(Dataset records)
============
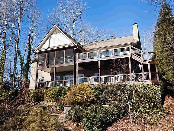 An irreplaceable waterfront setting featuring extensive hardscape with shoreline improvements that can't be reproduced within the current lake management guidelines. Enjoy a winding flagstone path, natural boulder terrace, spacious lakeside seating area and quaint English ivy landscape to name a few. This waterfront gem is ready for immediate occupancy and conveniently located within the city limits for easy access to restaurants and shopping, public sewer, trash service and more. Nestled amongst mature hardwoods in an area great for weekend, seasonal or a lifetime of memories. There are four spacious bedrooms, three full and one half baths, two lakeview gathering rooms and outdoor living galore. A bright, open floorplan features a living room combined with the dining, an oversized screened porch and loads of low maintenance deck and patio space. Completely renovated in 2010 with a rebuilt pier, replaced roof and circular drive, new cottage design with a completely new kitchen, baths, flooring and fixtures. The laundry offers loads of storage and a versatile butlers pantry design. The house favorite is the oversized screened porch with almost 200 square feet of lakeview and a vaulted ceiling. On the lower level are three bedrooms, two spacious baths with tile showers and a secondary living/recreation area with a half bath for easy access off the lake. Another specialty feature is a large bunkroom, easily converted for multiple sleeping space, a workshop or exercise room. Rip-rap protected shoreline, oversized covered dock with boatlift and PWC lift, all strategically positioned to face the open water and mountain views. Find enjoyment for the entire family with a deep water dock and 200'+ of waterfront on a wide water bay. Immediate access to the main channel, expansive mountain views in the distance and very little boat traffic or wake at your dock. Community offers a private boat launch within walking distance. Located less than one-two miles to shopping, restaurants and medical. Ten minutes to Clemson University.
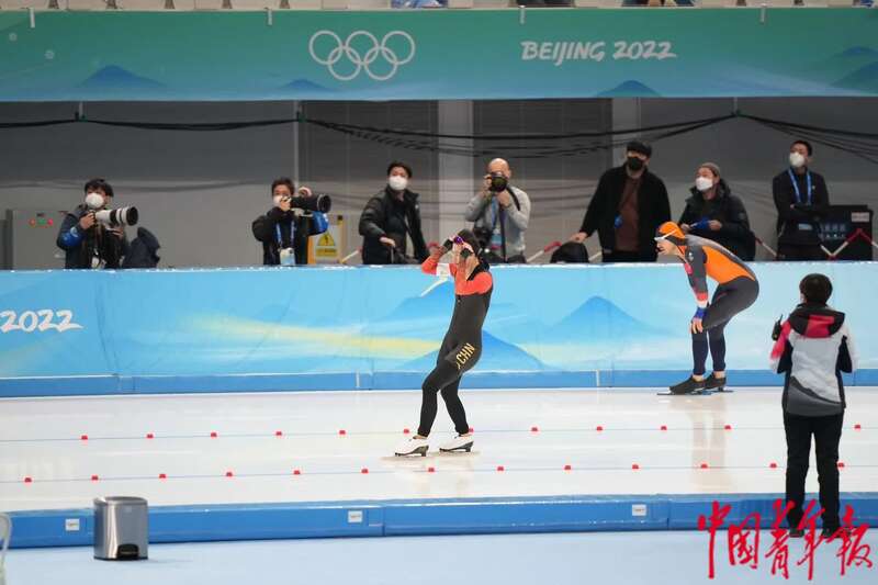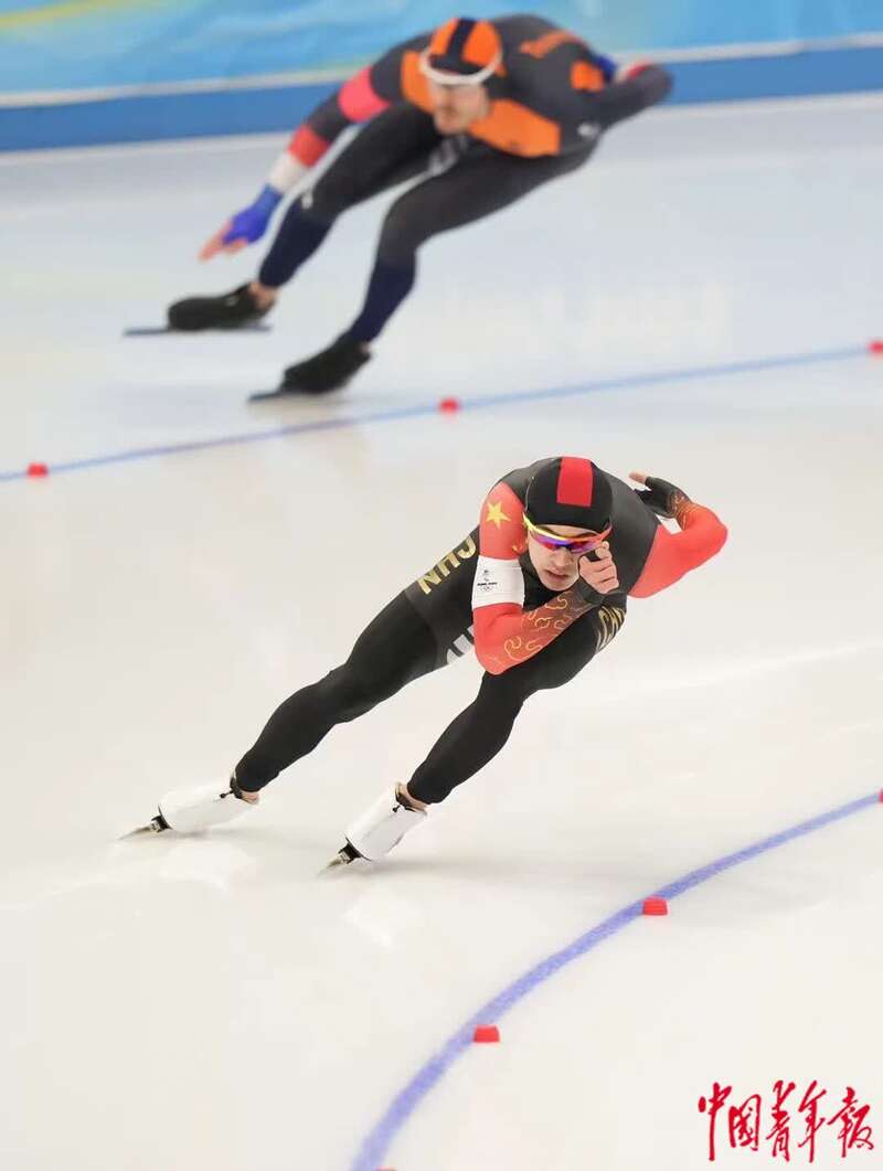 1分08秒60,宁忠岩在男子1000米比赛中获得第五名。“冰丝带”今天进入倒数第二个比赛日,总共15组选手参加速度滑冰男子1000米比赛,宁忠岩在第14组出场——第13组和第14组是今天“碰撞”最激烈的对抗:第13组荷兰选手克罗尔世界排名第一,挪威人洛伦森排名第三,第14组荷兰人奥特斯皮尔世界排名第四,宁忠岩第五。最终宁忠岩1分08秒60获得第五。此前中国队此项目最好成绩为刘洪波在1994年利勒哈默尔冬奥会上获得的第4名。(中青报·中青网记者 郭剑 杨屾/文 李隽辉/摄)
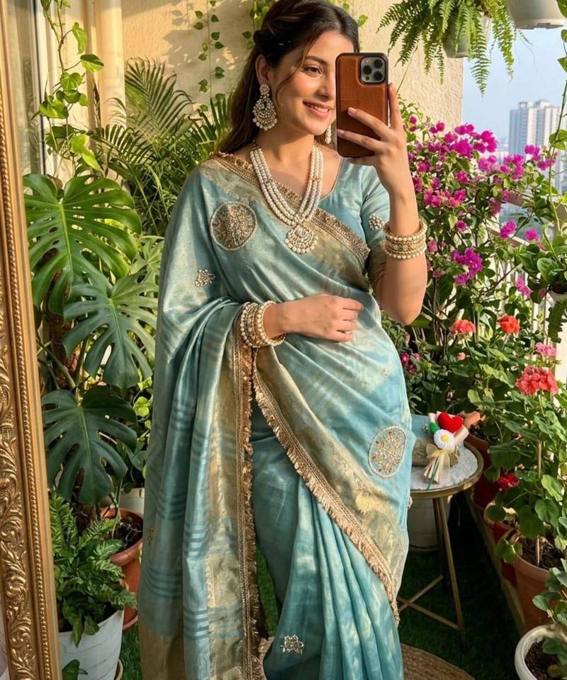 | Product Name | Sky Blue Satin Embroidered Saree | |
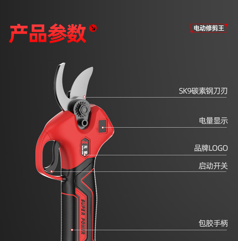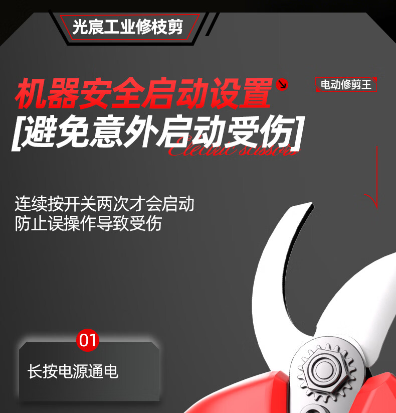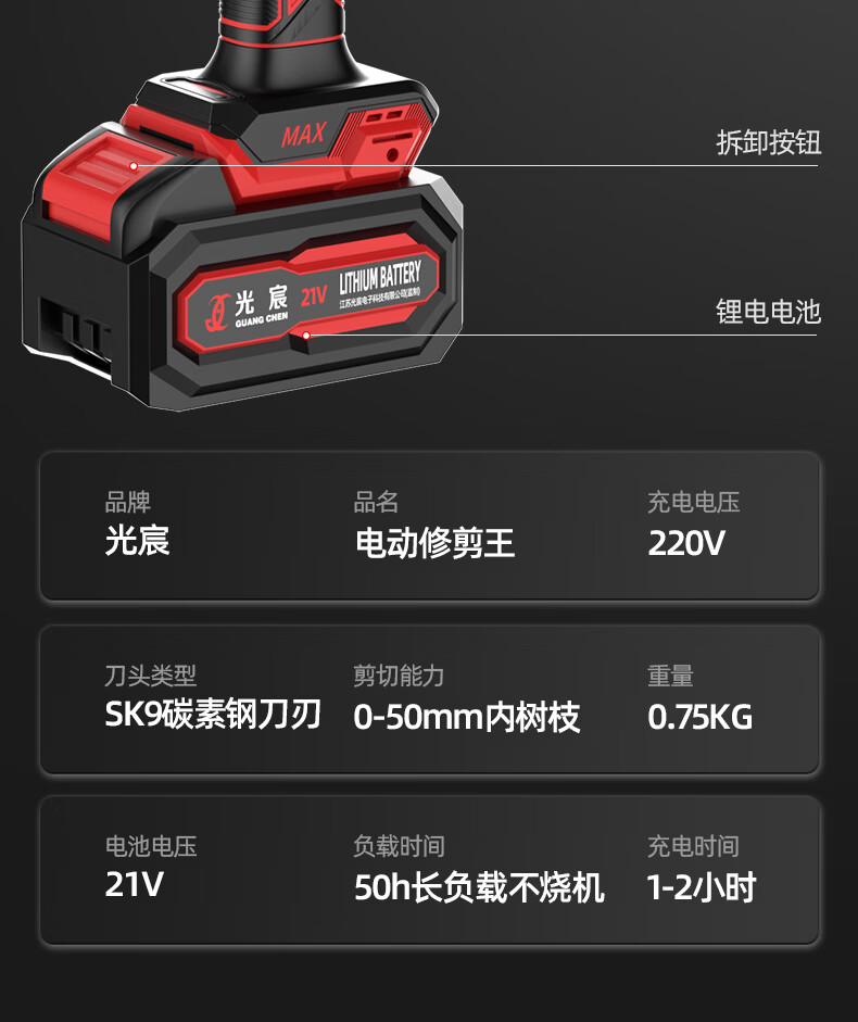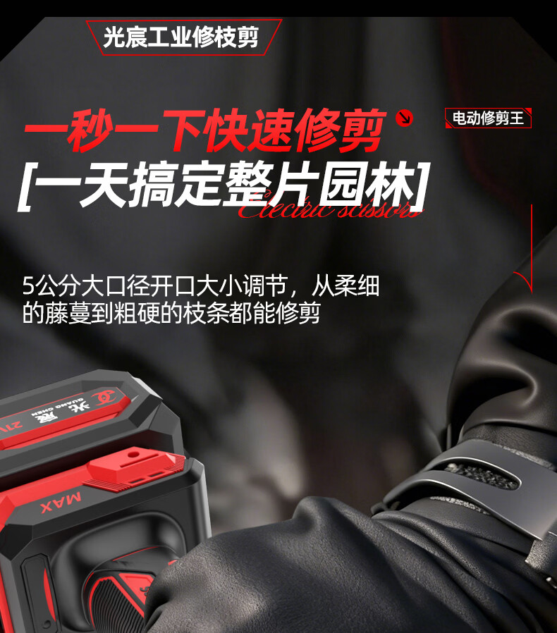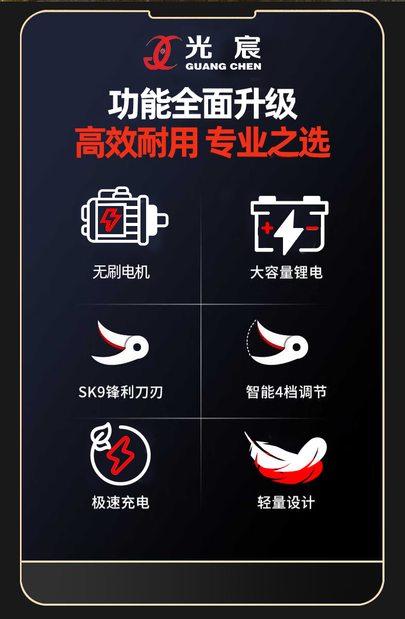 光宸电动剪刀剪树枝充电果树园林修枝剪刀修枝剪子剪枝机园艺剪 旗舰无刷款(开口5.5CM)10节两电一充
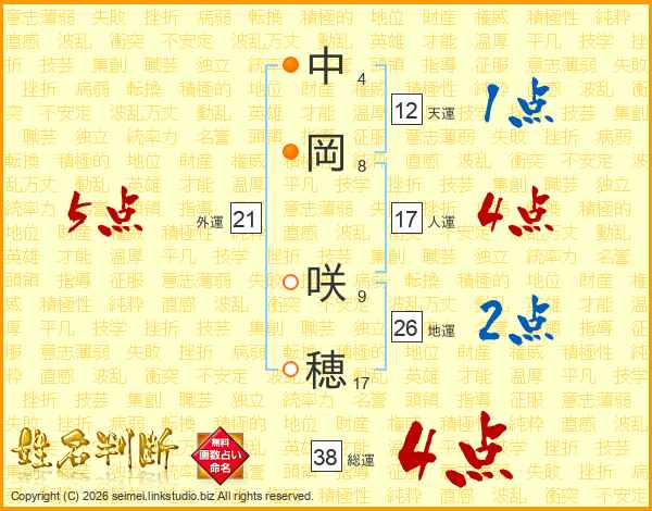 中岡咲穂さんの総運は38画の4点!
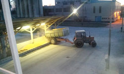 ![]() Gabona kitárolás síktárolóból | ![]() Gabona betárolás | ![]() A silóban |
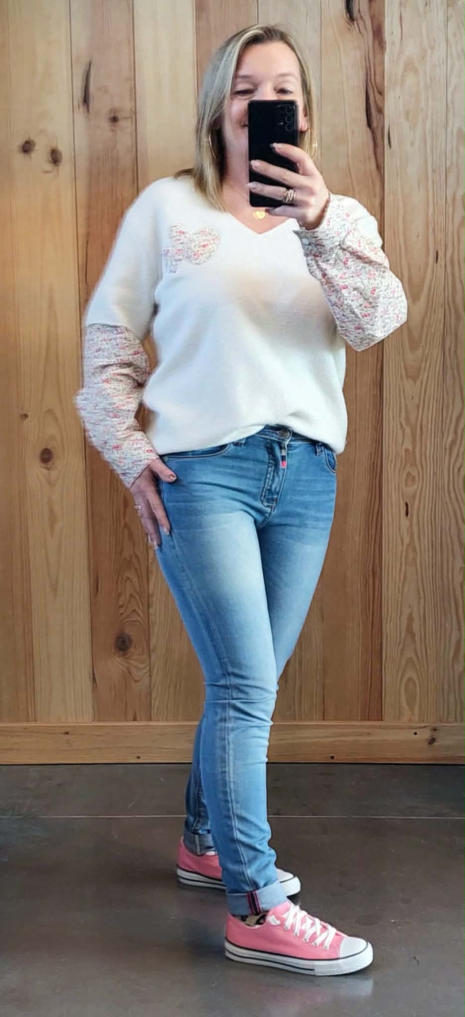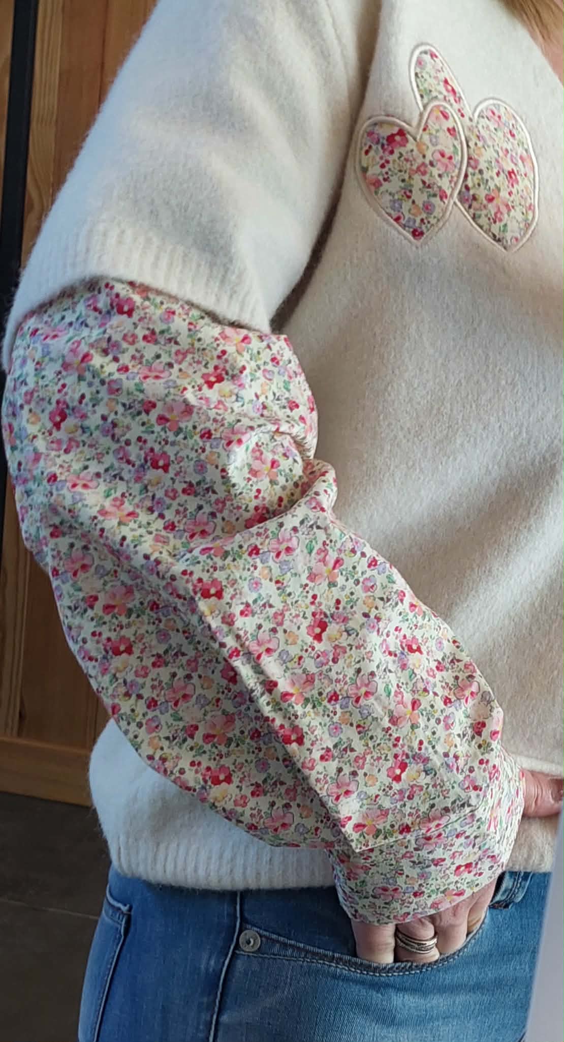Adoptez le look 2-en-1 avec notre pull coeur ! poignets chemise floral intégrés pour un style chic sans effort. Qualité doudou, choppez votre pépite ! col en v
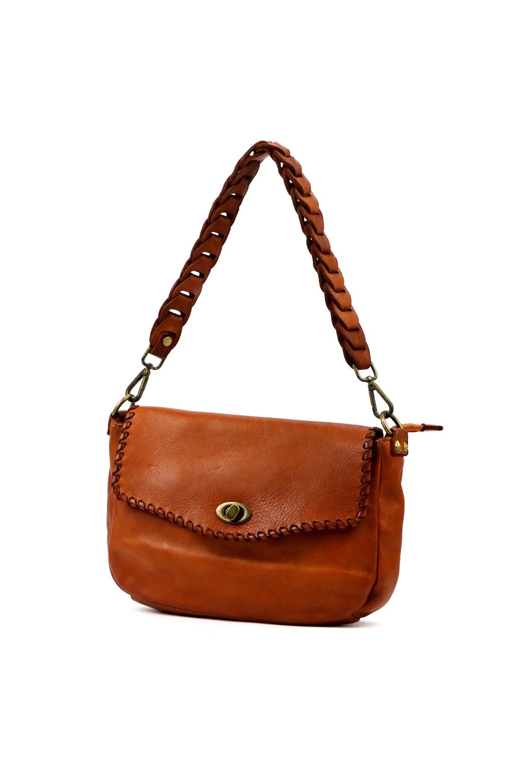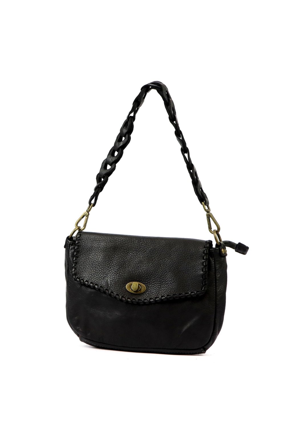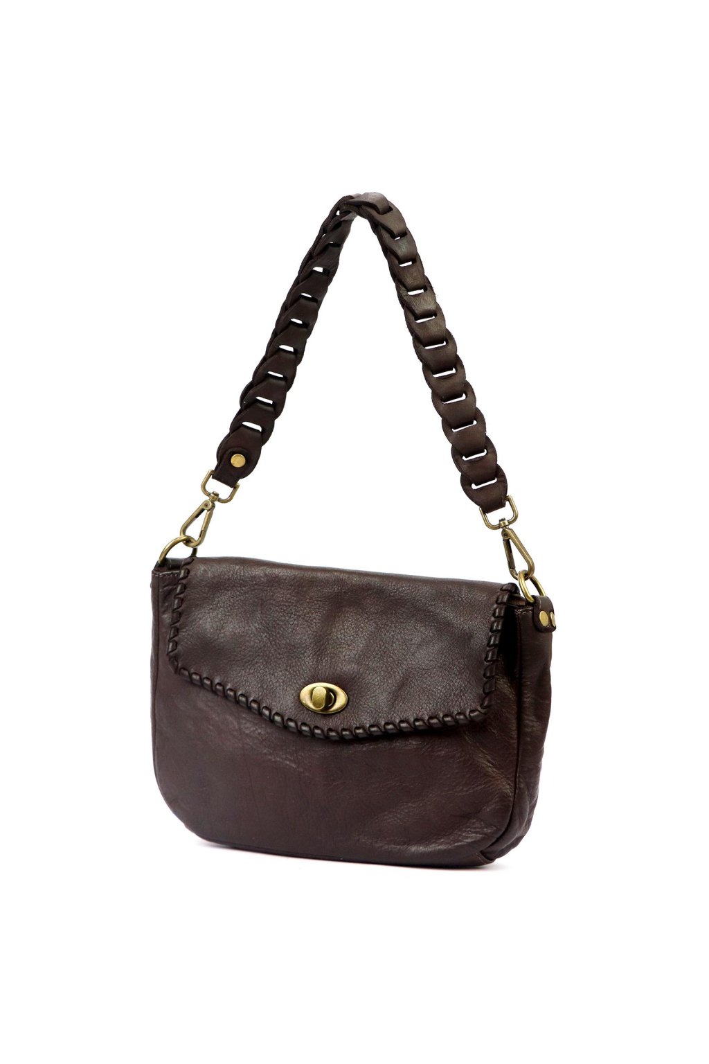 Tato elegantní kabelka z pravé kůže zaujme svým originálním vzhledem, který podtrhuje ručně pletené ucho a výrazné prošití klopy. Otočné kovové zapínání v bronzovém tónu dodává vintage charakter a zároveň zajišťuje praktické a bezpečné uzavření kabelky.
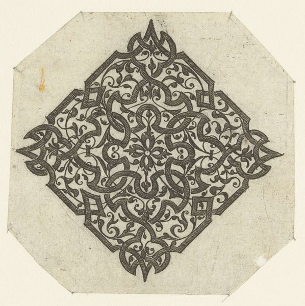 Curator: Here we have Theo Nieuwenhuis' "Ornamentale vlakvulling in een cirkel," dating from between 1876 and 1951, currently residing here at the Rijksmuseum. Editor: My initial response is its stunning duality. The black ink on paper creates an almost hypnotic oscillation between positive and negative space, a pulsating rhythm that draws the eye. Curator: It is exemplary of the Art Nouveau movement, where artists sought to integrate ornamentation seamlessly into functional objects, elevating craft to fine art. Editor: Absolutely, and that ornamental character derives specifically from pattern-and-decoration as it relates to surface design. We see repeating stylized floral motifs arranged radially, the dark and light balanced to create perfect symmetry within the circular format. There’s something inherently pleasing about such controlled harmony. Curator: Consider too the psychological impact of symmetry. The repeated motifs evoke a sense of ritual, of meditative practice—a visual mantra. We often see such circular arrangements in mandalas from various spiritual traditions. Editor: And in the geometry of rose windows of gothic cathedrals. Interesting how universal forms manifest in these particular patterns and decorations. The execution, in India ink, gives the piece a remarkable sharpness despite its intricate detail, further emphasizing that oscillation between depth and plane. Curator: These designs weren’t just aesthetically pleasing; they served a function, intended as models for larger decorative schemes in architecture and applied arts. It reflects the optimism of the Art Nouveau period and a deep faith in the power of design to ennoble everyday life. Editor: A faith visualized perfectly through its lines, form, and composition. It goes beyond mere decoration; it articulates meaning, balance, and hope. Curator: Indeed, it offers a lens to see design as not superficial but a deeply meaningful aspect of cultural expression. Editor: An expression that still resonates today.
============
Lines wanted from the entries above: the one with "中岡咲穂さんの総運は38画の4点!", the one with "Adoptez le look", and all lines between. Please copy them exactly, without the pictures and without anything else.

 中岡咲穂さんの総運は38画の4点!
 ![]() Gabona kitárolás síktárolóból | ![]() Gabona betárolás | ![]() A silóban |
Adoptez le look 2-en-1 avec notre pull coeur ! poignets chemise floral intégrés pour un style chic sans effort. Qualité doudou, choppez votre pépite ! col en v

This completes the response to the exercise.